Ситуация на начальном этапе пандемии была настолько уникальной и непредсказуемой, что все одновременно вынуждены были учиться бороться (или не бороться) с угрозой заражения коронавирусом, проявлять (или не проявлять) «мировую солидарность», следовать (или не следовать) правилам ВОЗ. Это неизбежно ведёт к «поломкам» социальной реальности [Тёмкина, Здравомыслова, 2000: 21]. Все мы одновременно и «жители планеты во время пандемии», и «учимся» ими быть, воспроизводя ожидаемые модели поведения в повседневных интеракциях. Это не всегда получается. В результате, коммуникация буксует, а рутина разрушается, обнажая «белые пятна» повседневности [Fay et al., 2017]. Или, иными словами, пустоту (nothingness) и бездействие «ничего» (nothing) [Scott, 2018: 5; Green, 2011; Sartre, 1943].
Методология исследования.
Метод сбора данных для данного исследования – автоэтнографические дневники наблюдений (шестнадцать человек, исключая автора исследования). Использованные для эмпирического анализа данные были собраны коллегами в рамках инициативного проекта Гендерной программы Европейского университета в Санкт-Петербурге «Вирусные дневники: хроники повседневности» (2020 г., руководитель проекта А.А. Темкина). Доступ к данным был получен благодаря участию в проекте, по условиям которого, при соблюдении этических норм общего порядка, данные доступны для свободного использования авторами дневников. Поэтому анализ данных проводился в рамках независимого индивидуального исследования. Важно при этом отметить, что дневник автора при анализе не использовался во избежание методологических затруднений.

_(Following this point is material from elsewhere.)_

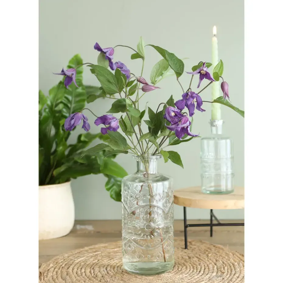 Bloemenvaas/siervaas fles model Berlin in helder transparant glas, met sierlijk motief. Formaat 9 x 21 cm. Deze prachtig gedetailleerde vaas is uitstekend te gebruiken voor losse bloemen, takken en als decoratief object voor binnen gebruik. Ook leuk te gebruiken om een kaars in te zetten, of als olielampje met een lont erin. De mond van de fles is ca. 4 cm breed.
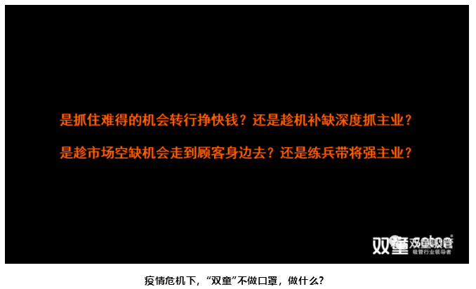 那么,既然不做口罩,“雙童”要通過怎樣的方式來渡過這次危機(jī),從而讓自己活下去的呢?

Инициативный проект включает в себя автоэтнографические дневники, покрывающие временной период с марта по июнь 2020 г. В рамках данного авторского исследования использовалась дневники, собранные на «первом этапе», то есть описывающие повседневность участников исследования с конца марта до середины апреля. Размер анализируемых дневников на момент окончания первого этапа проекта разнился от 2 до 84 страниц, всего – 262 страниц, включая «паспортички», фотографии, иные материалы, добавленные в дневники их авторами, а также непосредственно сами тексты дневников.

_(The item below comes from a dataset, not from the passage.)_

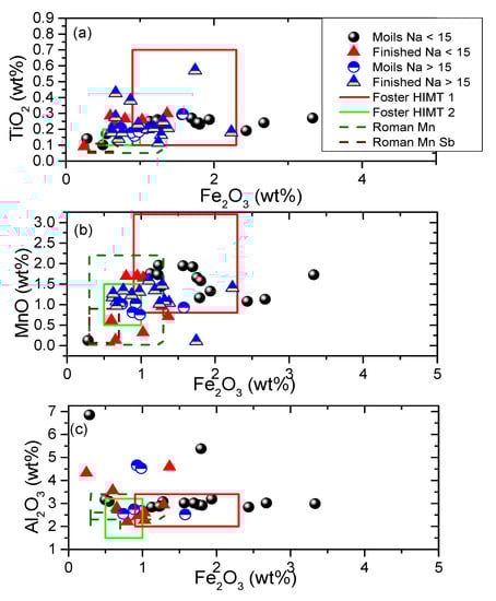Fe2O3 versus TiO2 (a), Fe2O3 versus MnO (b) and Fe2O3 versus Al2O3 (c) of Vasileos Irakleiou Street, 45 glasses compared with bibliographic data [10,25].

Всего были проанализированы 16 автоэтнографических дневников. Подавляющее большинство участников исследования – учёные-социологи (от аспирантов до профессоров), однако присутствуют также дневники, принадлежащие представителям других социальных и гуманитарных наук. Все авторы дневников – русскоязычные, но проживают в четырёх разных странах (Грузия, Франция, Финляндия – по одному участнику исследования, Россия – тринадцать участников). В соответствии с условиями проекта девять дневников писались под своим именем, семь – с использованием псевдонимов.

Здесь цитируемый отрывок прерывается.